Суета. Каждый год она начинала нарастать первого декабря и достигала своего пика в последний день года, чтобы к утру первого января жизнь могла замереть, словно в каком‑то дурном фильме про апокалипсис.
Морозов пробирался по пробкам, не злясь и не психуя. Он лишь время от времени поглядывал на часы на приборной панели и отвечал на сообщения в мессенджере. Дарья уже была готова ехать и ждала его, хотя он предупреждал, что вряд ли сумеет добраться до нее раньше половины шестого. И хотя ему удалось выехать раньше, чем он планировал, этот прогноз, если верить навигатору, все равно оставался в силе.
Они познакомились еще весной. В тот день в его кабинет ворвалась женщина с обвинениями в адрес одного из следователей. Светлые волосы с модной, молодящей стрижкой, нездоровая худоба, нервные, дерганые движения и глаза – от природы серые, но казавшиеся в тот момент темными из‑за переполнявших их горечи и злости. Как выяснилось чуть позже, Олеся Никитина незадолго до этого потеряла единственного сына.

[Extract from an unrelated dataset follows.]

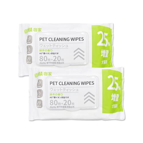 (2袋200入超值組)日本KOJIMA咖家-寵物專用Ag銀離子植萃消臭濕紙巾100入/袋-綠茶綠標(貓狗清潔濕巾,拭淨眼耳口鼻四肢,免水洗擦澡順毛)

Шестнадцатилетний парнишка разбился, когда лазил по недострою в их районе. Доследственную проверку вела Таня Филиппова – молоденькая девочка, совсем недавно ставшая следователем. Она не нашла признаков того, что смерть была насильственной. Не стала квалифицировать случившееся и как самоубийство: предсмертная записка отсутствовала, никто из близких мальчика не упоминал, что у него были какие‑то проблемы или переживания, которые могли подвигнуть его на такой шаг. Больше походило на то, что парень от скуки полез в недостроенное здание. Может, захотел просто испытать себя, может, собирался записать видосик для соцсетей, но сорвался и упал. Несчастный случай.
Однако его мать считала иначе. Что, в общем‑то, нормально. Она хотела найти того, кто виноват в случившемся, и наказать его. Считала, что Филиппова плохо сделала свою работу, требовала нормального расследования.
Морозов прекрасно понимал ее. Если бы такое случилось с его сыном, он тоже искал бы виноватых. Просто чтобы не чувствовать виноватым себя. И чтобы направить на кого‑то гнев за случившуюся несправедливость. Когда его жена умирала, он тоже подспудно искал, кого бы обвинить в этом. Но винить было некого, кроме генетики.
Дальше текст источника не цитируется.